# Phrag Don Wimber



## blondie (Sep 3, 2017)

Hi

So this one has finally flowered for me I got this in a group of orchids seven phrags. It now after two years, it growing well and flowering. All the phrags I has all had rhizoctonia which I have pretty much irradicated. 

Was damn hard as nearly all the fungicides that kill this fungus have been removed from the market in the UK, to which I was told to just throw the plants in the bin and start again. But a very good farmer friend gave the last of his fungicde to use. 

Im very happy with the bloom and the colour of the flower.


----------



## terryros (Sep 3, 2017)

That is a great shape that makes me suspect it might be a tetraploid (4N).


Sent from my iPad using Tapatalk Pro


----------



## mrhappyrotter (Sep 3, 2017)

One word. Gorgeous.


----------



## monocotman (Sep 3, 2017)

That is a special Don Wimber. Could well be 4n,
David


----------



## silence882 (Sep 3, 2017)

Great flower! Much rounder petals than typical for a Don Wimber.


----------



## Mark Karayannis (Sep 3, 2017)

You have done an excellent job. Congrats


----------



## blondie (Sep 3, 2017)

Thanks I can go back far enough to tell that the plant originally came for, the EYOF but that's about it as much. Whether it is a 4N I can't confirme. The only reason i got it as it was the runt ofthe collections Don Wimbers. 
It s a lovley looking flower and plant can't complain at all.


----------



## SlipperFan (Sep 3, 2017)

Lovely color.


----------



## abax (Sep 3, 2017)

Very, very nice and really a bright red.


----------



## blondie (Sep 4, 2017)

I have done a quick messure up of the flower.

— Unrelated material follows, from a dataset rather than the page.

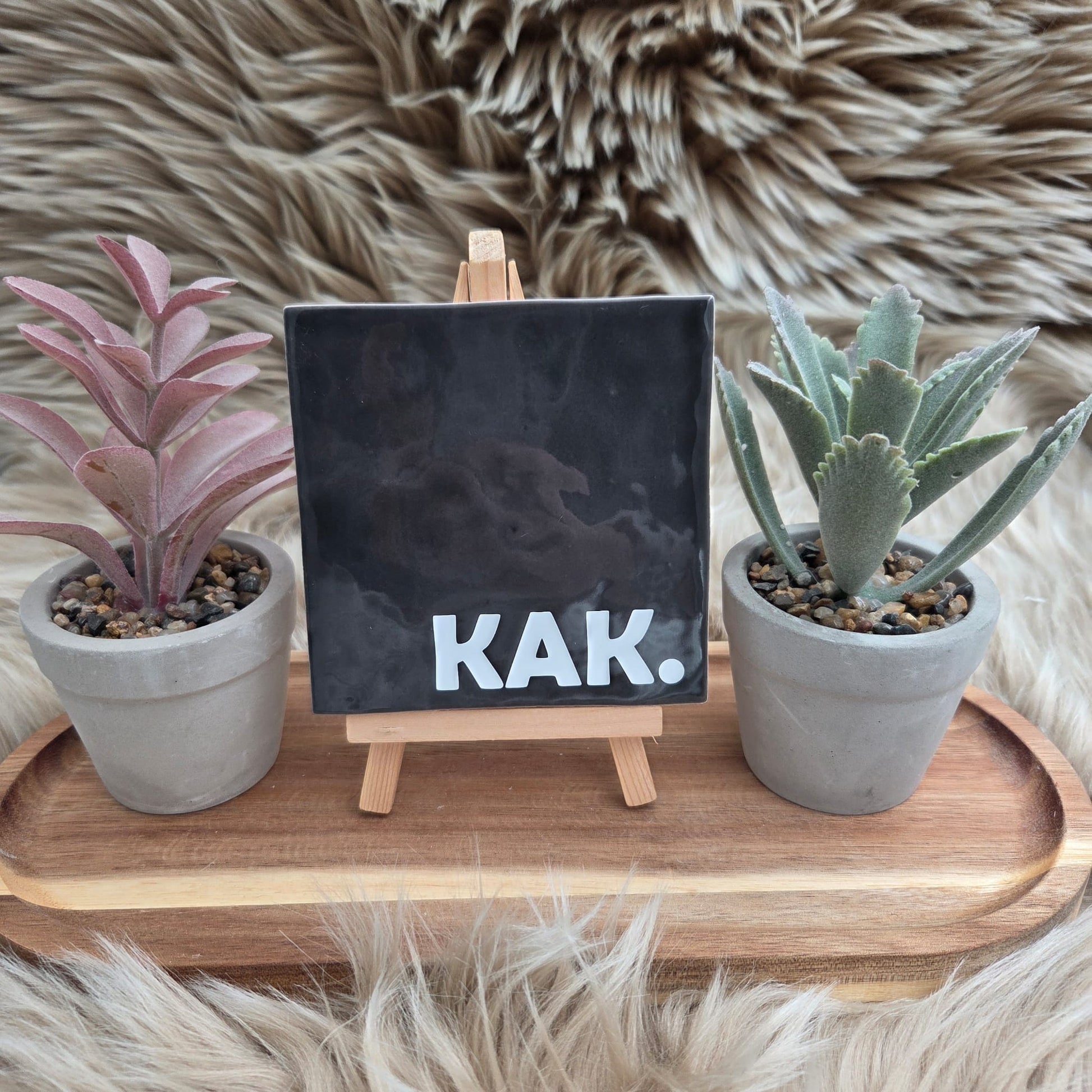 Dit robuuste keramieken tegeltje met tekst “Kak.” is de perfecte mix van humor en stijl. Of het nu een frustratie is, een kleine tegenslag of gewoon even zo’n dag – dit tegeltje vangt het gevoel met één woord.

The width comes out at 4 inch wide.
The length comes out at 3 3/4 inch


----------



## NYEric (Sep 4, 2017)

Gee! A Phrag Don Wimber from EYOF that's 4N, what a stretch!  Yay besseae hybrids!


----------



## e-spice (Sep 5, 2017)

I've seen a lot of Don Wimbers. That's a great one.


----------



## Dandrobium (Sep 5, 2017)

Yes, this is a great DW! Wide petals & great colour!


----------



## GuRu (Sep 5, 2017)

Lovely bloom - congrats


----------



## Silvan (Sep 6, 2017)

Gorgeous. Congrats!


----------



## Phrag-Plus (Sep 6, 2017)

Nice!


----------



## blondie (Sep 7, 2017)

*up date on Don Wimber*

Hi 

Tought I would give an update on this one the flower has coloured up even more. I have not remessured this one yet.


----------



## monocotman (Sep 10, 2017)

Just perfect!
David


----------



## eaborne (Sep 14, 2017)

Gotta love the color!


----------



## phrag guy (Sep 14, 2017)

That is great


----------



## blondie (Sep 15, 2017)

Thanks, for being a runt and that's the only reason I got it, other wise I wouldn't have been around it out of the collection


----------



## Achamore (Sep 17, 2017)

I fully agree that is an EYOF plant, without a doubt. I have struggled with rhizoctonia too. The biggest problem (in my experience) is the use of rockwool, because with rockwool you only should water every few days or so, yes? And the EYOF are the main people putting phrags into rockwool over here, and promoting that approach. They have access to fungicides, clearly..! But if you have the phrags in a medium such as good bark and a bit of chalky stone, then the phrags love being watered every day. And if you have cool water (I forget the critical temp) then that keeps the fungus away. Jerry Fischer explained this to me years ago. After nearly 20 years of growing phrags in the UK, my view is that the prevalence of that fungus is down to rockwool, ironically as promoted by the EYOF..! And of course the phrags don't like being changed from rockwool to bark, you'll lose a year or two of growth in making the potting change. But that seems better to me that losing the whole plant.


----------



## Hien (Sep 17, 2017)

the outstanding feature of this flower , other than what other peoples already pointed out, is that it has no teeth around the edge of the petals (a detracting look which a lot of phrag flowers have)


----------



## blondie (Sep 17, 2017)

Achamore said:


> I fully agree that is an EYOF plant, without a doubt. I have struggled with rhizoctonia too. The biggest problem (in my experience) is the use of rockwool, because with rockwool you only should water every few days or so, yes? And the EYOF are the main people putting phrags into rockwool over here, and promoting that approach. They have access to fungicides, clearly..! But if you have the phrags in a medium such as good bark and a bit of chalky stone, then the phrags love being watered every day. And if you have cool water (I forget the critical temp) then that keeps the fungus away. Jerry Fischer explained this to me years ago. After nearly 20 years of growing phrags in the UK, my view is that the prevalence of that fungus is down to rockwool, ironically as promoted by the EYOF..! And of course the phrags don't like being changed from rockwool to bark, you'll lose a year or two of growth in making the potting change. But that seems better to me that losing the whole plant.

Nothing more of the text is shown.